Bundan yaklaşık 1 ay önce, Amerika’nın dünyaca ünlü gazetesi The New York Times’da, çok ses getiren bir makale yayınlandı. Haberin konusu, ülkelerini terk eden eğitimli ve varlıklı Türkler’di. Makalede, “kayırmacılık ve artan otoriterleşme” yüzünden sermaye ve beyin göçünün hızlandığına dikkat çekilerek, “Erdoğan’ın vizyonuna hararetle karşı çıkan Türkler, yeteneklerini ve varlıklarını da alarak, kitleler halinde ülkeyi terk ediyor.” denilmişti.
Haber elbette Cumhurbaşkanı Tayyip Erdoğan’ın büyük tepkisine sebep oldu. Haberin bir “algı operasyonu” olduğunu söyledi.
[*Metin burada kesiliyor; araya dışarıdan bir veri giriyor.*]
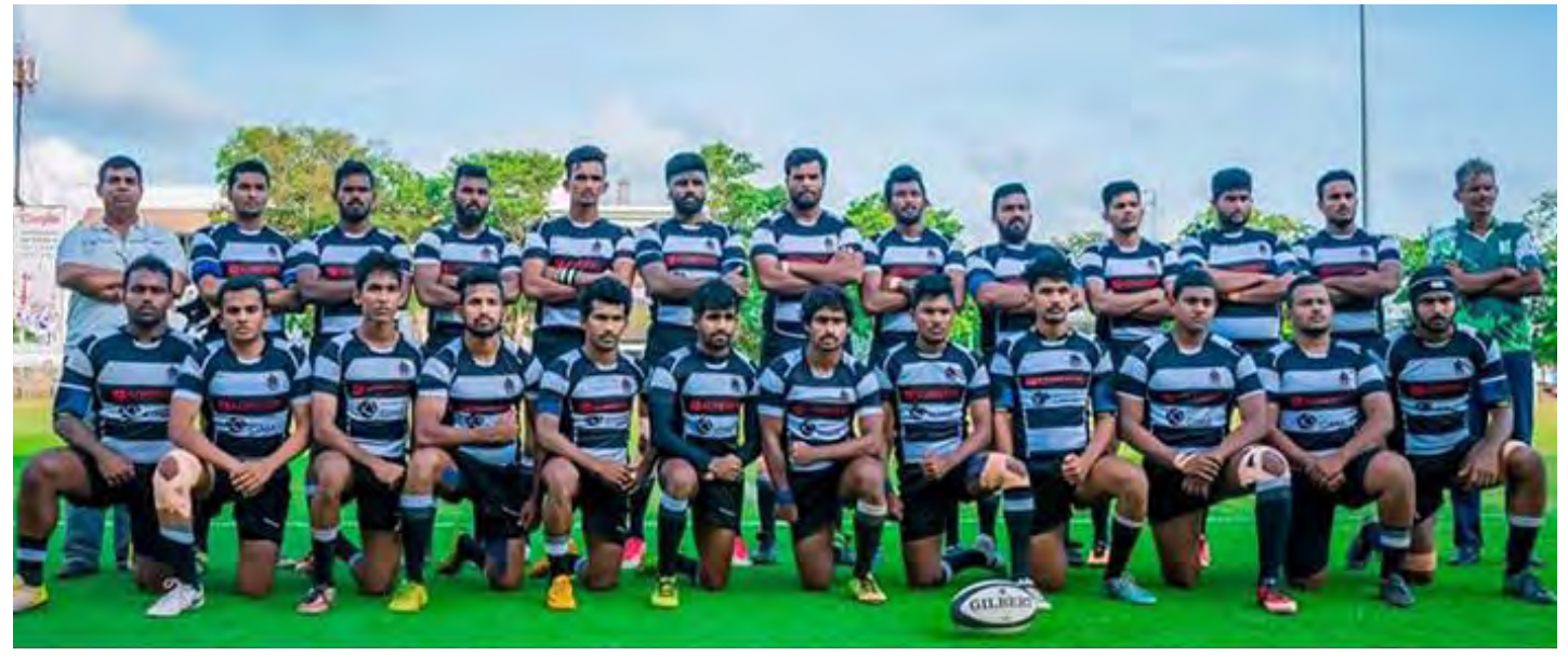
The University Rugby football Team performed an excellent way. They beat University of Peradeniya in the grand finals with 40-24 at Race course ground on 09th September 2018.

The University of Moratuwa won nine Inter University Championships of Rugby football (Men), Rowing (Men), Carrom (Men), Badminton (Men), Taekwondo (Men & Women), Table Tennis (Men & Women), and Hockey (Women).
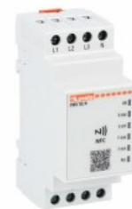
Multifunction voltage and frequency monitoring relays with NFC technology PMV95N
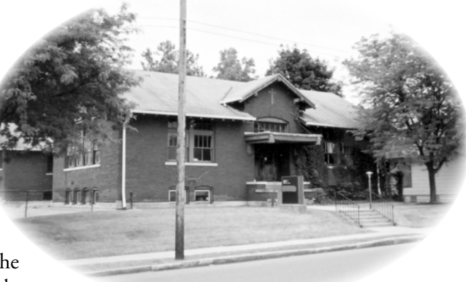
This 1914 school building at St. Cyprian's was a twin of the 1912 church and school. After 1958 these buildings housed the offices of the Diocesan Councils of Catholic Men, Women, and Youth, the Society for the Propagation of the Faith, the Confraternity of Christian Doctrine, and the Sisters of the Poor of St. Francis who ran St. Anthony Hospital.

"In the early 1900's there were not many Black Catholics in Columbus. Most of the Catholics were of German or Irish descent. The Germans lived in South Columbus, the Irish in what was the North, by the railroads; 18th St., 20th St., and Miami, etc. The Irish were settled in St. Dominic's Parish.
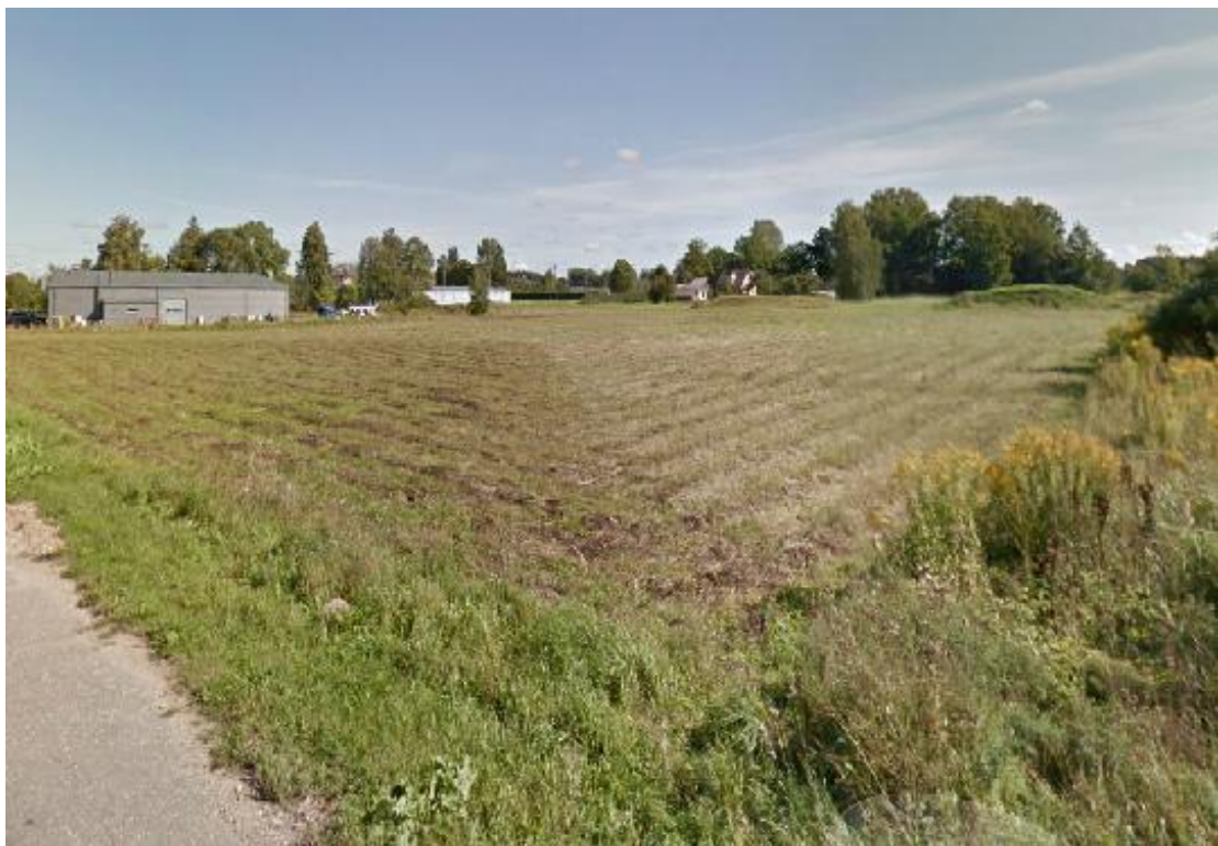
Ābolu Street 3
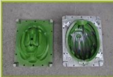
5. EPS In-mold tool
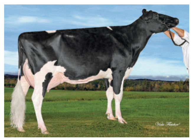
Forest Goldwyn Winnie Dawn, EX 1*, first Four-Year-Old at the Rive-Nord show in 2011, is the dam of six daughters, which include two VG and three GP.
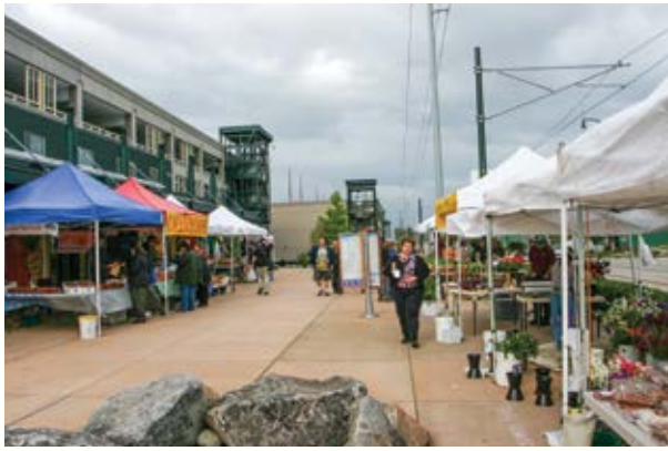
Dome District Farmers Market, Tacoma, WA

Regardless of the market's requirements, individual vendors need this product liability insurance to protect their assets and cover their legal defense costs should a customer become sick after eating their product or sue them for injury or damages arising from market sales. Product liability insurance is sometimes included in or added to a Business Owner's Policy, but does not always cover farmers market activities. Farmers and other vendors should consult with their insurance agent about their specific business needs related to farmers markets.
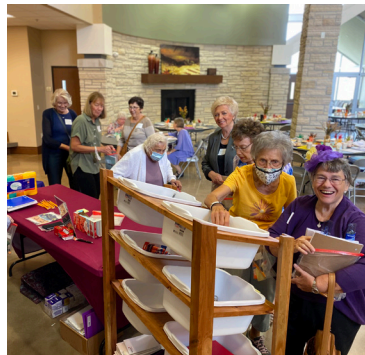
Women assembling blessing bags filled with school supplies at the Cedar Rapids Zone Event hosted at King of Kings in Cedar Rapids.
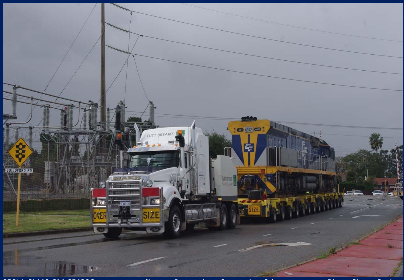
CFCLA CM40-8M CF4306 on transport float at Bassendean September 8th.
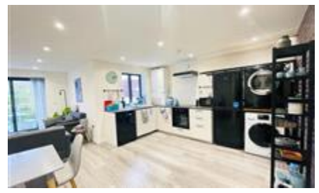
Arendale Court, Hendon Way, London £2,200 pcm
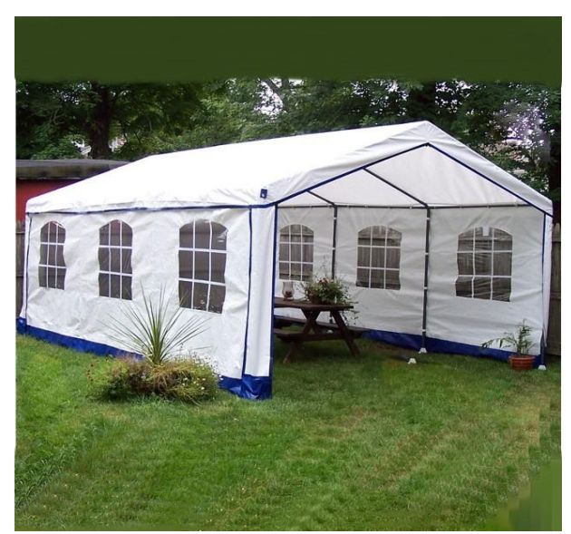
Tent the ORC is considering purchasing to replace its current dilapidated Field Day tent.
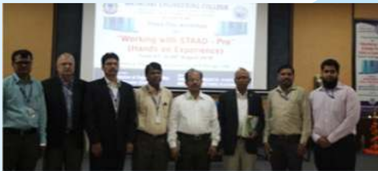
View of the dias and speaker during the workshop

The IEI Student Chapter of Civil Engineering Department of Gokaraju Rangaraju College of Engineering and Technology, has conducted a technical fest named 'ADVAITHA' on 17 August 2019.
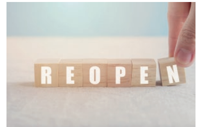
School Reopening Master Guidance Plan Form
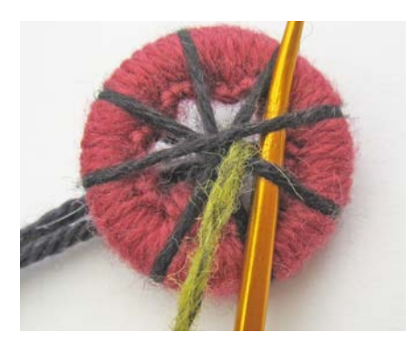
Step 7: Place your needle through from the front between around the spokes until the the two previous 'spokes' so that the yarn wraps itself around one 'spoke'. Bring your needle out between the next two spokes.

It helps to think 'two steps forward, one step back'.
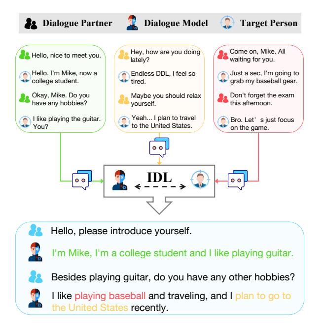
Figure 1: An example of profile-free personalized dialogue generation by In-Dialogue Learning. Persona information in different dialogues is marked with corresponding colors.

A common practice in personalized dialogues is to condition a dialogue model on a pre-defined profile that explicitly depicts the personality traits one aims to portray with a textual description. While there have been extensive studies along this line (Song et al., 2021; Liu et al., 2022; Chen et al., 2023b), we explore the problem from a different angle: instead of using a brief profile to describe a
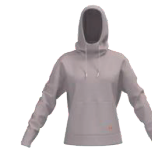
658 Beta Tint / White / Blaze Orange
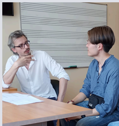
Workshop shots: rehearsals and meetings of students with tutors and musicians

At the moment, my interests include the sounds of the human body, contemporary dance, microtonal harmonies, the voices of writers I admire, Scriabin, Edouard Vuillard and stones.
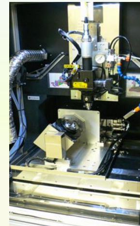
Desktop high precision 5-axis laser
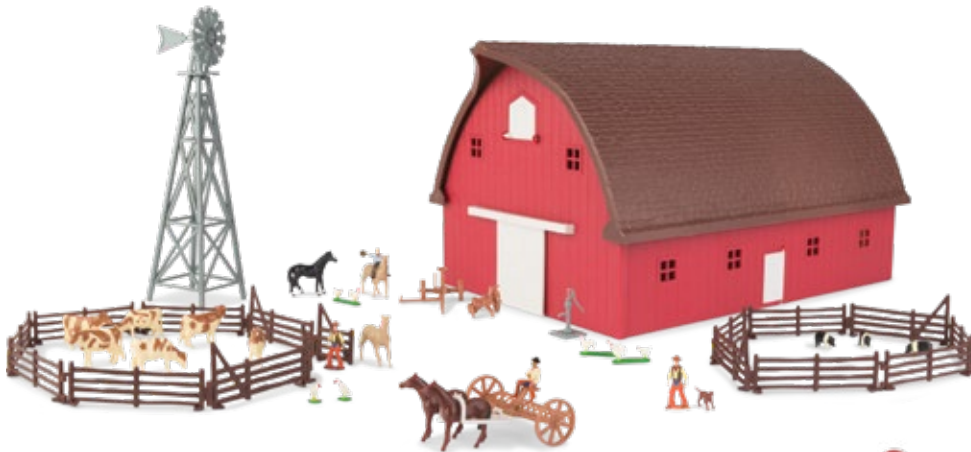
1:64 Farm Country Gable Barn 46765 Pack: 2 - Age grade: 3+
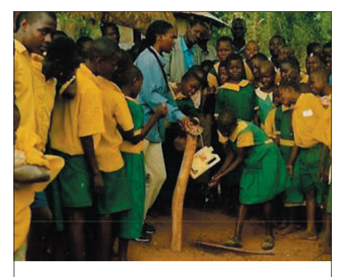
Photograph 6. Taking turns to use the tippy tap at school

This is a concept which was introduced to the region when two of the project staff came to Uganda to attend a WaterCan workshop and were able to see it being implemented. The initiative has gained popularity in the region with people putting it up in their homesteads and in institutions. The
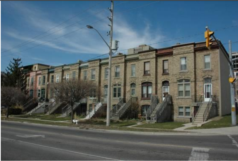
26 Courtland Avenue East – Entire Nelson Terrace Row House Building
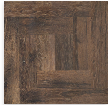
WALNUT MAIZE N GLW03M PEI: III LRV: 15
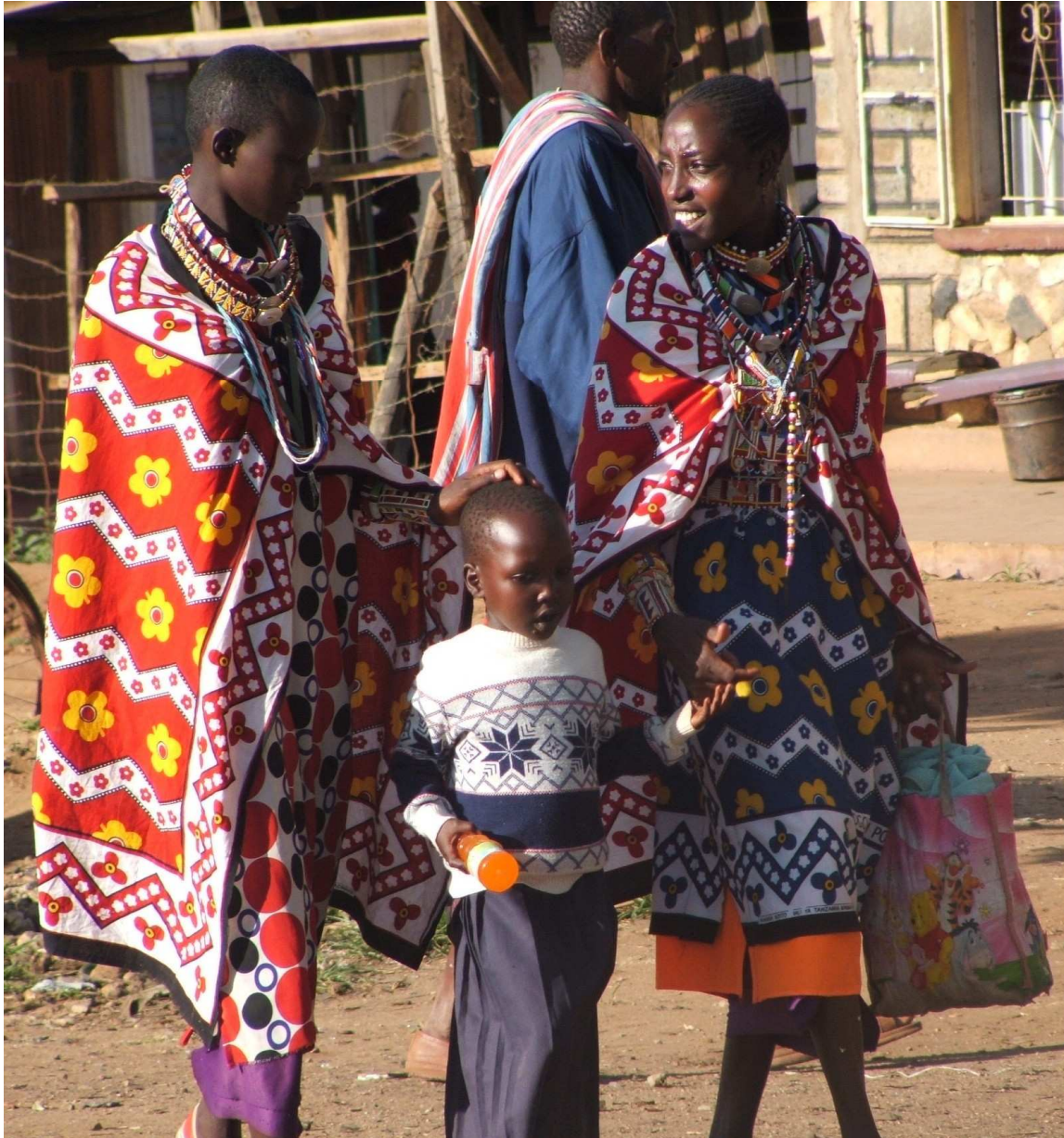
Maasai women, Kenya.

Opposition to technology evaluation can be expected from some industries and governments. Arguments against undertaking technology assessments historically revolve around protestations that the assessments are premature – or, alternatively, too late – are too costly, or are not worth the potential delay in commercial deployment or risk to competitive advantage. 342 However, there is reluctant recognition from many parties, and within the UN, that ‘business as usual’ is not working. In the absence of any technology assessment mechanism to deal with intergovernmental concerns and transboundary issues, the UN has had no structural alternative but to adopt three moratoria related to new technologies since the beginning of the 21 st century, namely, on GURTs (genetic use restriction technologies, or Terminator seeds) in 2000; on ocean fertilization in 2008; and a general moratorium on climate-related geoengineering in 2010, which was reaffirmed in 2012 – all under the aegis of the Convention on Biological Diversity (CBD).
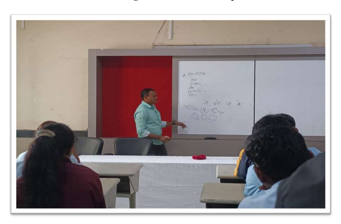
Resource Person Guiding the Participants
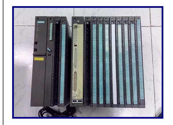
Siemens S7-400 Simulator
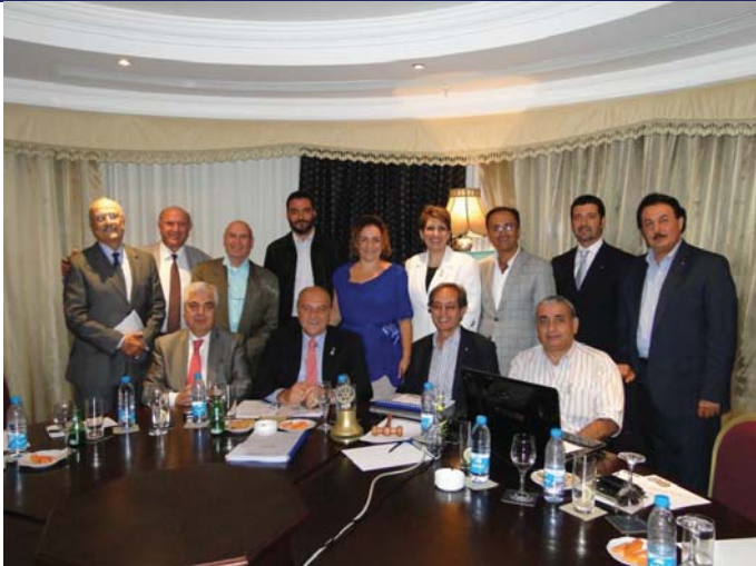
R.C. Baabda - Meeting
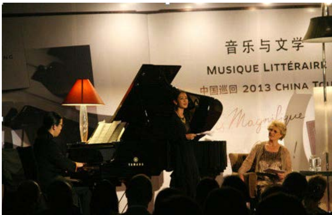
Fig.2 The revelation of music literature

In the process of music literature, it has many forms. Such as traditional drama and opera, modern musicals and score prose, etc. The common development of music and literature in a variety of forms are making progress and merging constantly. The fusion feature is reflected by the characteristics of music literature in society. Music literature is recreational, educational, artistic, and it shows the cultural function of literature, the revelation of music literature as shown in figure 2.
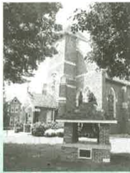
Saint Bernard Alta Vista, IA
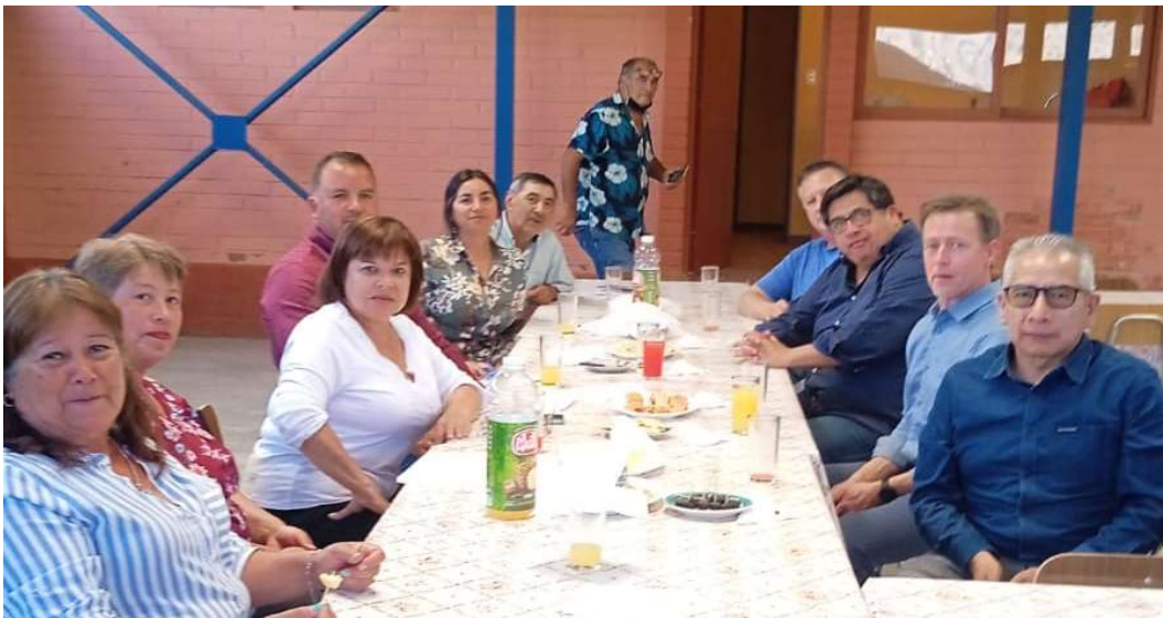
Figure 6. Visit by the management team of BMR with community members from Potrerillos Alto.
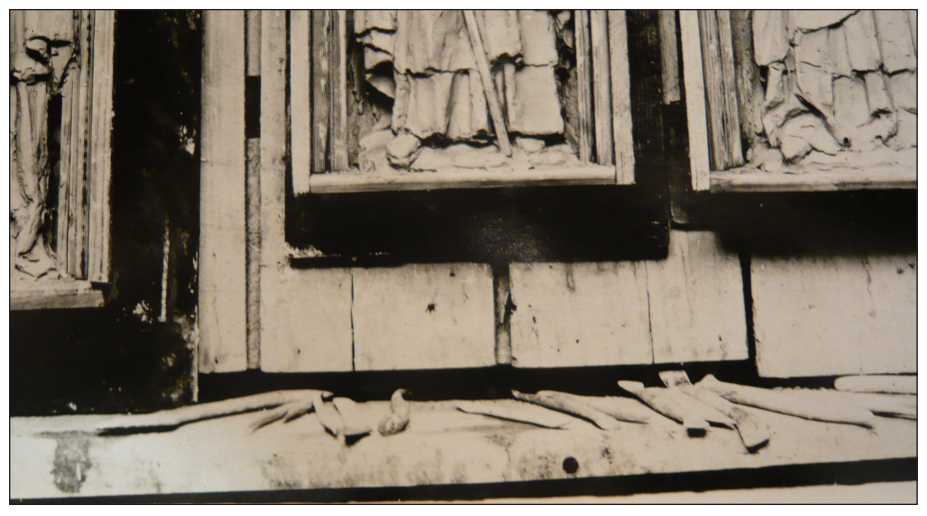
Fig. 5 : Nathaniel Hitch, Photograph of a clay and wood model for the reredos for the church of St Mary & St Michael's in Egremont, Cumbria (detail). Note the modelling tools on the shelf. 1999.1 Photograph album of the sculpture of Nathaniel Hitch and others, c. 1890–1930, Henry Moore Institute.

working on all five works simultaneously. The tools indicate that Hitch worked the clay block in situ , almost like direct carving, creating a sculpture from within its architecturally defined space.
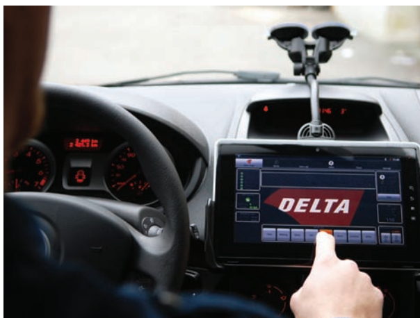
LTL-M GUI tablet PC

DELTA offers service of the instrument at its factory and re-calibration of the calibration unit at its DANAK-accredited laboratory.

Daha sonra haberde adı geçen Ülker ailesinden de sert bir yalanlama geldi. Lakin bunların hemen arkasından, bu sefer Sabah Gazetesi’nde, pek çok “ünlü, varlıklı ve kültürlü” Türk vatandaşının, Malta vatandaşlığına geçtiği haberini okuduk.
Gelinen noktada, aslında Cumhuriyet’in kuruluşlundan bu yana ilk kez, “kültür ve iş hayatına yön veren üst sınıf ailelerin Türkiye’yi terk ettiğini” görüyoruz.Bugüne kadar, ülkeyi terk etme ve “sürgünde yaşam” gibi kavramlar genelde mevcut sistem ve mevcut iktidarla ters düşmüş, nispeten dezavantajlı kesimlere özgü bir tavırdı. AKP hükümeti, bahsettiğimiz bu kaçış psikolojisini, kendini “Cumhuriyet’in kurucu iradesi” gibi gören, yerleşik burjuvaziye de aktarmayı başardı demek yanlış olmaz. Malta vatandaşlığı ve New York Times makalesi bu tespiti destekliyor. Bu ayrıntı elbette önemli ama şimdi bu mesele yeni bir boyut kazandı.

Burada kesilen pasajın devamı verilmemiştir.